No pictures go into the copy. Write out exactly the lines below from the one containing "证券之星消息,截至2026年" through the one containing "Boxy-fit cotton twill".

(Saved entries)

--*--

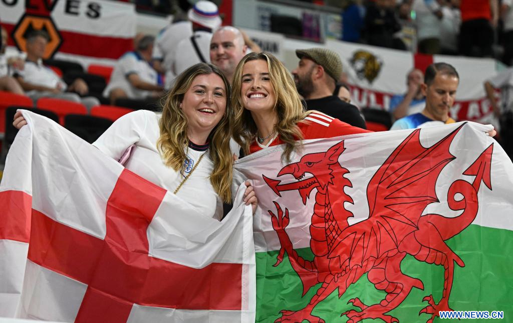 AL RAYYAN, 29 noviembre, 2022 (Xinhua) -- Aficionadas posan para fotografías previo al partido correspondiente al Grupo B entre Gales e Inglaterra en la Copa Mundial de la FIFA 2022, en el Estadio Ahmad Bin Ali, en Al Rayyan, Qatar, el 29 de noviembre de 2022. (Xinhua/Xiao Yijiu)
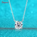 Smyoue White Gold Plated 1-10CT Moissanite Necklace for Women Classic Four Claws Pendant Wedding Jewelry 925 Sterling Silver
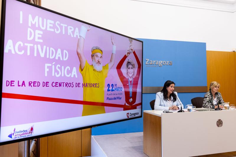 La concejal delegada del Mayor del Ayuntamiento de Zaragoza, Paloma Espinosa, y la jefa de la Unidad del Mayor, Fernanda Blasco, ha presentado hoy este evento en el que van a participar 450 personas mayores procedentes de 18 centros. Entre las 10.15 y las 14.15 horas, irán mostrando coreografías y habilidades de mantenimiento aprendidas en los talleres de los centros que, de una u otra manera, tienen como objetivo principal la práctica de la actividad física de manera regular (al menos una vez a la semana) como medio de fomento del envejecimiento saludable.
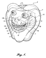 - FIG. 1 is a perspective view of a character including a hollow head in the form of an apple, which is capable of forming facial expressions in accordance with the present invention
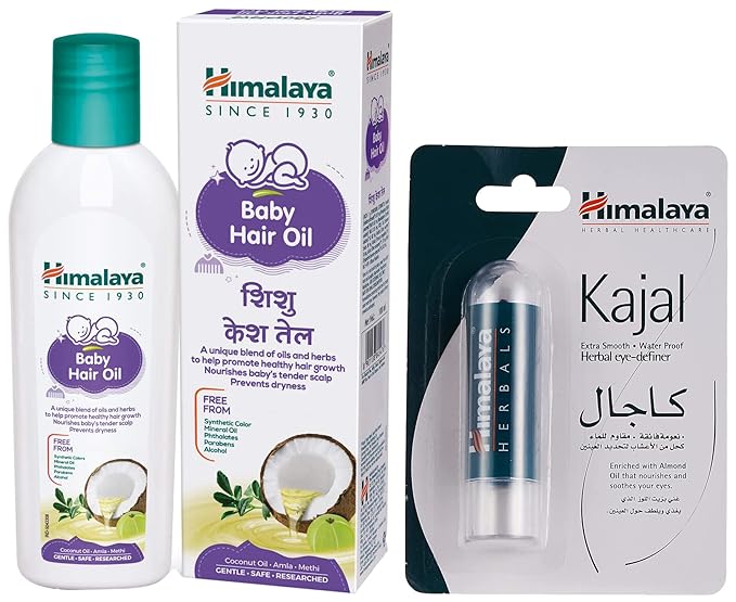 Himalaya Baby Hair Oil 200 ml & Himalaya Herbals Black Kajal (2.7 gms)Combo
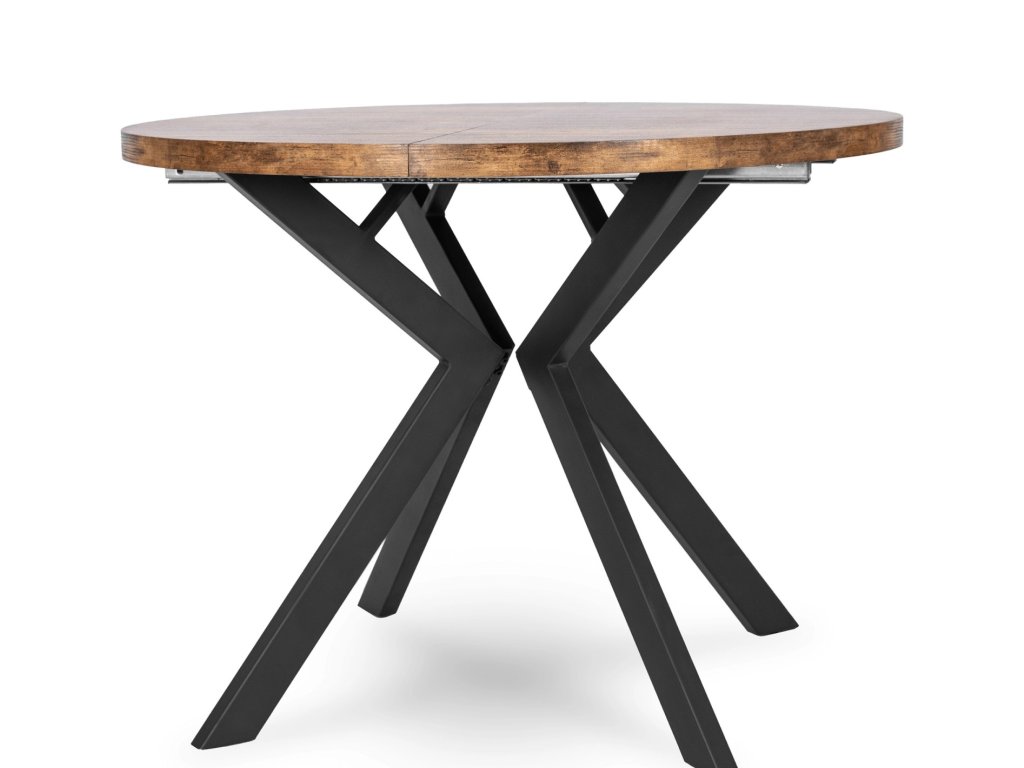 Kerek kihúzható asztal LUKAS, rusztikus tölgy, anyaga: MDF lemez, szerkezeti anyag: fém, szerkezet színe: fekete, asztallap színe: rusztikus tölgy, méretei: 75 x 100 x 250 cm.
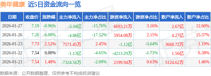 证券之星消息,截至2026年1月27日收盘,美年健康(002044)报收于7.19元,下跌0.96%,换手率7.67%,成交量297.05万手,成交额21.21亿元。
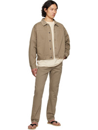 Boxy-fit cotton twill jacket. Subtle fading throughout. - Spread collar - Button closure - Dropped shoulders - Single-button barrel cuffs - Adjustable button tabs at back hem - Logo-engraved copper-tone hardware Supplier color: Taupe
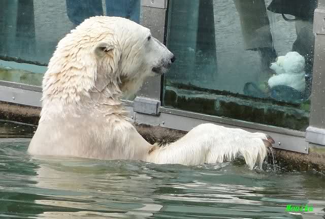Ein nettes Ehepaar aus Hessen hatte kleine Eisbären in der Tasche. Sie stellten die Tasche an der Scheibe ab und Knut versuchte mit der Pfote die Eisbären zu erreichen. Er ist noch sehr verspielt, deshalb wäre es so wichtig ihm seine Spielzeuge zu geben. Es wäre etwas Vertrautes.
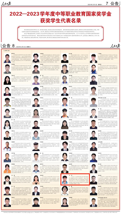 5月4日、5日,《人民日报》专版刊登了100名研究生国家奖学金获奖学生优秀代表、100名本专科生国家奖学金获奖学生优秀代表、100名中等职业教育国家奖学金获奖学生优秀代表名录。K8·凯发市工业技师学院环保与生物制药系2021级环境保护与检测专业学生王珂,榜上有名。
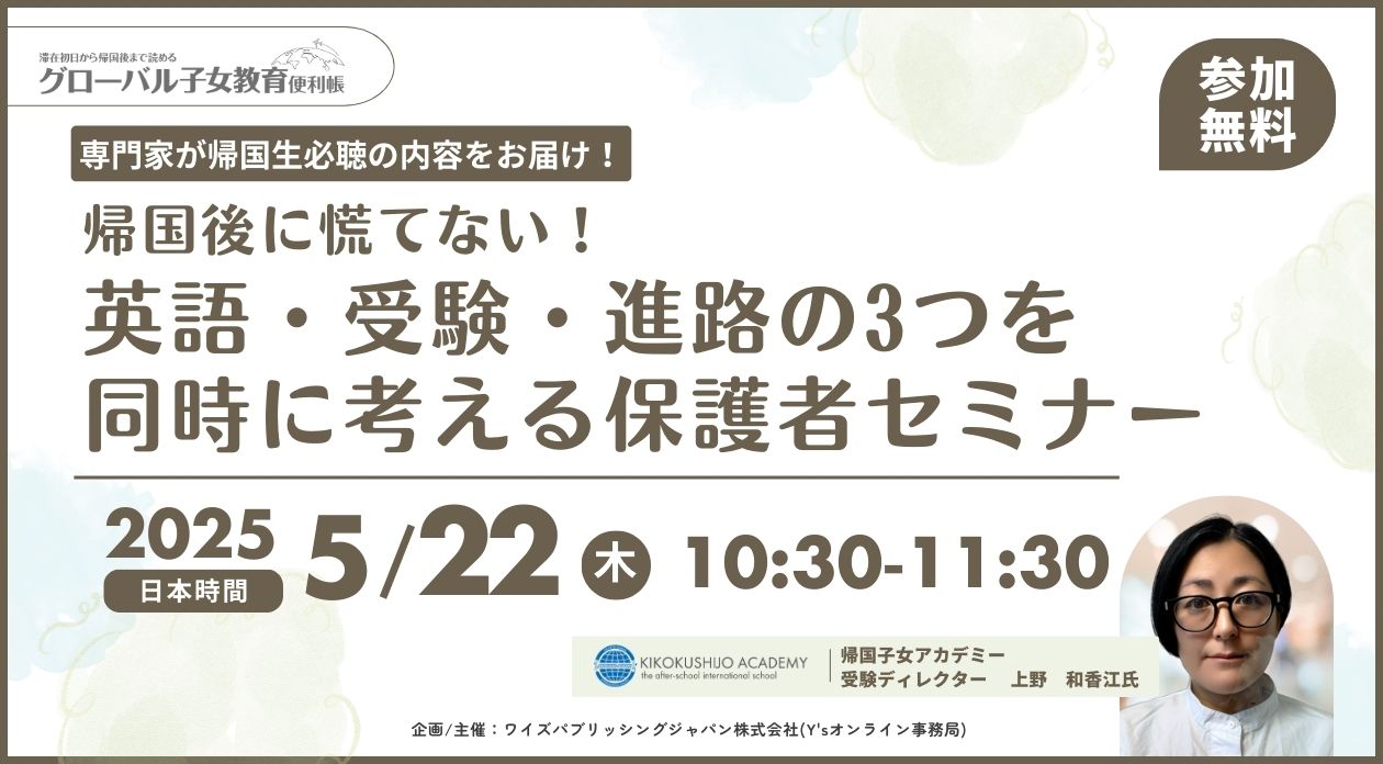 【2025年度 プロ講師による教育セミナー】『帰国後に慌てない!英語・受験・進路の3つを同時に考える保護者セミナー』帰国子女アカデミー

--*--

Answer section:
 证券之星消息,截至2026年1月27日收盘,美年健康(002044)报收于7.19元,下跌0.96%,换手率7.67%,成交量297.05万手,成交额21.21亿元。
 Boxy-fit cotton twill jacket. Subtle fading throughout. - Spread collar - Button closure - Dropped shoulders - Single-button barrel cuffs - Adjustable button tabs at back hem - Logo-engraved copper-tone hardware Supplier color: Taupe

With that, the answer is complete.